Under the Specialty Healthcare standard, a union-proposed bargaining unit is presumptively appropriate and employers must prove that the excluded employees share an “overwhelming community of interest” with the employees included in the union-proposed unit.

Justifiably, the NLRB’s Specialty Healthcare decision concerned employers. It allows unions to cherry pick “micro” bargaining units comprised almost exclusively of union-supportive employees. This offers unions a strategic foothold even in businesses where a majority of workers do not support unionization. Furthermore, the NLRB’s new requirement for an “overwhelming community of interest” makes it more difficult for employers to effectively challenge a union-proposed unit.

Anticipating criticism, the NLRB went to great lengths to assure employers of Specialty Healthcare’s limited change and impact when it announced the decision. The NLRB claimed that it merely “clarified” the criteria used in instances “where a party argues that a proposed bargaining unit is inappropriate.” The NLRB also insisted the Specialty Healthcare decision “did not create new criteria for determining appropriate bargaining units outside of healthcare facilities.”

However, those assurances have rung hollow as employers across numerous industries have experienced an uptick in union organizing activities targeted at small fragments of their workforces.

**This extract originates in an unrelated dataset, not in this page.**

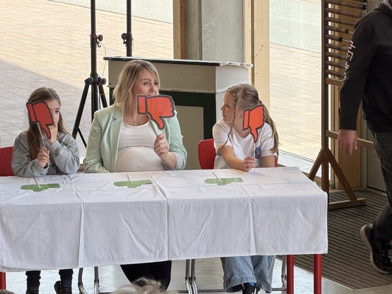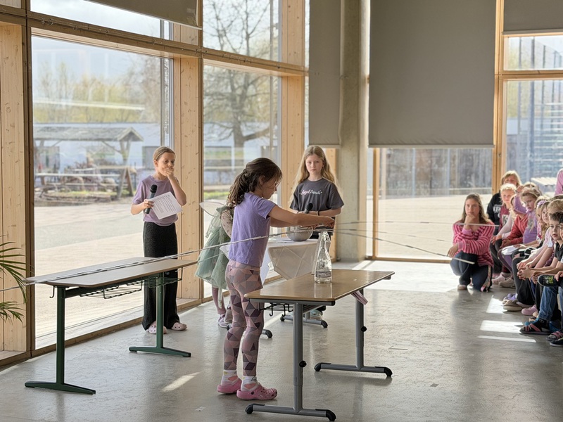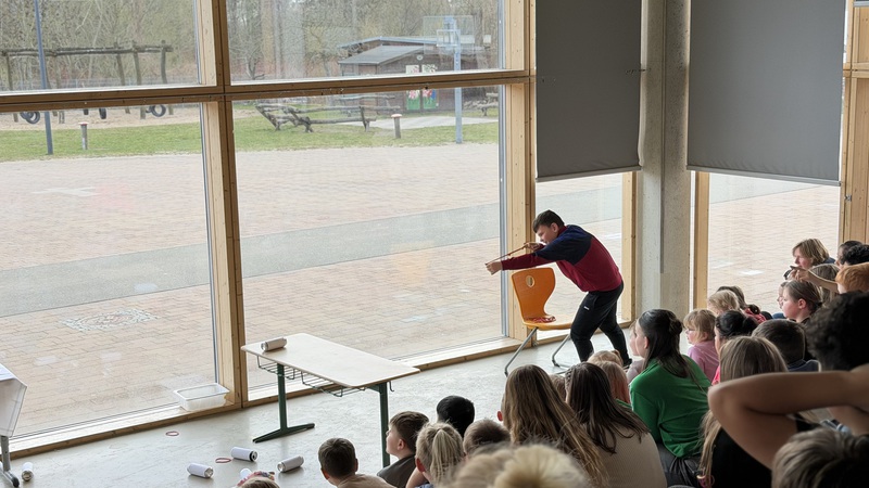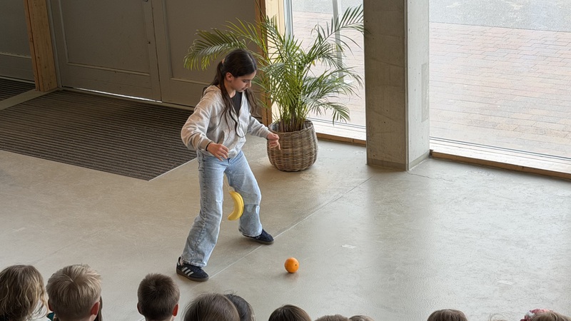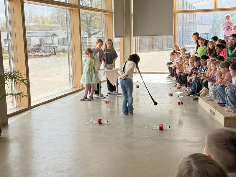 Die Kinder verfolgten das Geschehen aufmerksam, reagierten mit Lachen, Staunen und Applaus und wurden immer wieder aktiv in das Spiel einbezogen. So entstand eine lebendige Atmosphäre, in der Theater nicht nur zugeschaut, sondern gemeinsam erlebt wurde.

As the U.S. Chamber of Commerce highlighted in its Trouble With The Truth: Specialty Healthcare and the Spread of Micro-Union Report, released on October 31, 2016, the following industries have felt the sting of the NLRB’s approval of “micro” bargaining units:

  • General Aviation Service: The proposed unit included only 34 “line service” employees in a general aviation service business with 110 employees overall.
  • Telecommunications: The petitioned-for bargaining unit included 16 T-Mobile field and switch technicians who worked in Long Island, NY but excluded employees who worked in New York City’s boroughs and both Long Island counties.
  • Rental Car Facility: All 109 employees did not share an overwhelming community of interest with 31 rental service agents and lead rental service agents.
  • Retail Department Store: In a Macy’s department store of 150 employees, including 120 sales associates, the approved bargaining unit included only 41 cosmetics and fragrance sales representatives.
  • Fast-Casual Dining: The NLRB approved a bargaining unit which included 17 out of 43 bakers working at six out of 17 Panera Bread cafés.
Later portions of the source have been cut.